The Radisson Blu Hotel is located west of Bamako city centre. It provides what is described as “upscale lodging”, close to many government offices and business sites. It has 190 rooms and suites. In a Media Statement at 12:00 GMT on 20 November, 2015, the hotel chain that owns the Radisson Blu carried this announcement on its website: “We are closely following the hostage-taking incident that is taking place at the Radisson Blu Hotel, Bamako. According to our latest information, 124 guests and 13 employees are still in the building. Our highest concern is the safety of all our guests and employees in the hotel. We are in constant contact with the authorities there and will share further information when we have it.”
The statement made no mention of the 80 hostages who had been released, although by saying that 137 people were “still” in the hotel, it implied that some people who had been in the building were no longer there. The statement did not make mention of the three people who, according to media reports, had been killed during the attack.
There were fears that more casualties might occur before the hotel was completely evacuated, for Malian security personnel had entered the hotel and were carrying out a two-pronged “engagement’ with the attackers, partly through peaceful negotiation, and partly through a show of superior force. Meanwhile, no organisation had claimed responsibility for the hostage-taking.
In the context of the recent attack in Paris in which 129 people were killed, it might be assumed that the attack in Mali is a sort of “sympathetic” strike carried out in solidarity with the murderers who brought havoc to Paris. But this need not be the case, for the French have been helping Malian central governments to battle groups of “dissidents” in Mali for quite some time now.

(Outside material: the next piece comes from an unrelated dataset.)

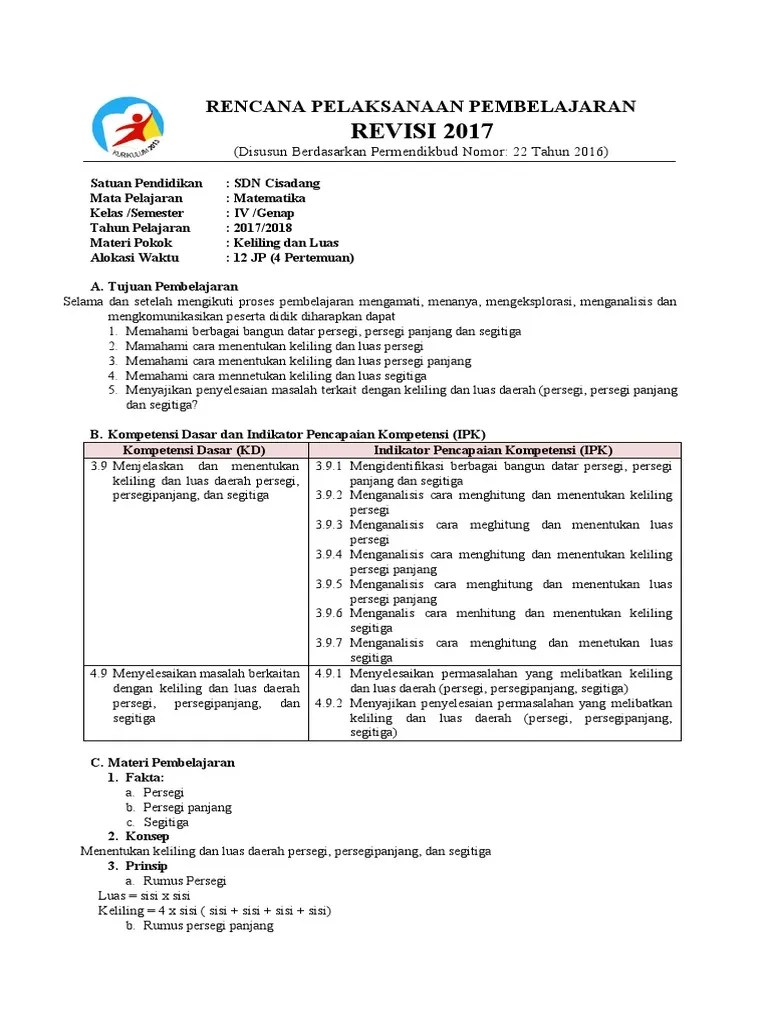 Soal luas dan keliling bangun datar kelas iv sd 1.

Unrest in Mali became full-blown in March 2012 when a Captain Amadou Sanogo led a coup coup d’etat to oust Mali’s ex-military leader, General Amadou Tamane Toure (who had become an elected civilian President). Sanogo claimed that General Toure had been overthrown because he was not giving the Malian army the resources it needed to defeat groups of dissidents who were trying to separate the northern part away from the rest of the country.

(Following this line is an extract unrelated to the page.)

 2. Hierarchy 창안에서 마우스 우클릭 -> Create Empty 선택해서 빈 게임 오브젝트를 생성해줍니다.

But it soon became clear that Sanogo wanted power for himself. However, instead of assisting the legitimate president to return to power, the French gathered a disparate group of politicians together and got them to come to an arrangement with Sanogo. Meanwhile, the dissidents became even stronger, and for e time, did cut the north off from the south of Mali. The French then moved into Mali in full force.

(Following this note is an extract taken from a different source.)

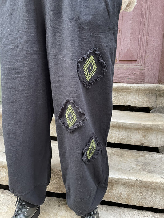 Siyah Bohem Kilim Motifli Kadın Pantolon

Arrayed against the French were five Islamists groups — Ansar Dine, the Movement for Unity and Jihad in West Africa (Mujao), al-Qaeda in the Islamic Maghreb (AQIM), the Signed-in-Blood Battalion and the Islamic Movement for Azawad (IMA).
Ansar Dine is a largely a home-grown movement, led by a former Tuareg rebel leader called Iyad Ag Ghaly. Its stated aim is to impose Islamic law across Mali and it is believed to have been responsible for the destruction of a lot Mali cultural relics. The invaluable Arabic manuscripts in Timbuktu were in danger of destruction from its fighters for a time, until the manuscripts were smuggled out of Timbuktu to Bamako by the curator of the Timbuktu Museum.
Another of the fighting groups, AQIM, is the north African wing of al-Qaeda. It operates more closely to the Algerian border, having been part of the Algerian rebels who fought against the government in the bloody civil war of the early 1990s.. AQIM too says its aim is to spread Islamic law (Sharia) and liberate Malians from French colonial legacy. A third Islamist group, called Mujao, is an AQIM splinter group that was formed in mid-2011.
And then there is Ansar Dine, which also seeks to impose Islamic law across the country
Many of its militants are Tuareg fighters who returned from Libya after fighting alongside the troops of the former Libyan leader, the late Col. Muammar Gaddafi. Ansar Dine, like AQIM, has split, and one of its former allies calls itself the MNLA., which is believed to have as its objective, the spreading of jihad across West Africa, rather than confining itself to the Sahel and Maghreb regions.
The competition between these groups and the Malian Government, is a veritable cocktail for instability. The UN has 12,000 troops in the north of the country, and the French have about 5,000 more in the area. But the dissidents are not in awe of these forces, and have been carrying out hit and run attacks in spite of their knowledge that the foreign forces could pursue them.
Clearly, a long-lasting and sophisticated approach is needed rather than the usual French-led “arrangements” which reward opportunism but never seem to bring any long-lasting stability. have proved able to manage over the years that it has intervened in the affairs of its former West African colonies.
Meanwhile, anyone who has ever stayed in a hotel abroad will be hoping that the siege at the Radisson Blu will end without too much further bloodshed, as those killed are usually people who have no connection whatsoever with the local political rivalries that give rise to such sieges.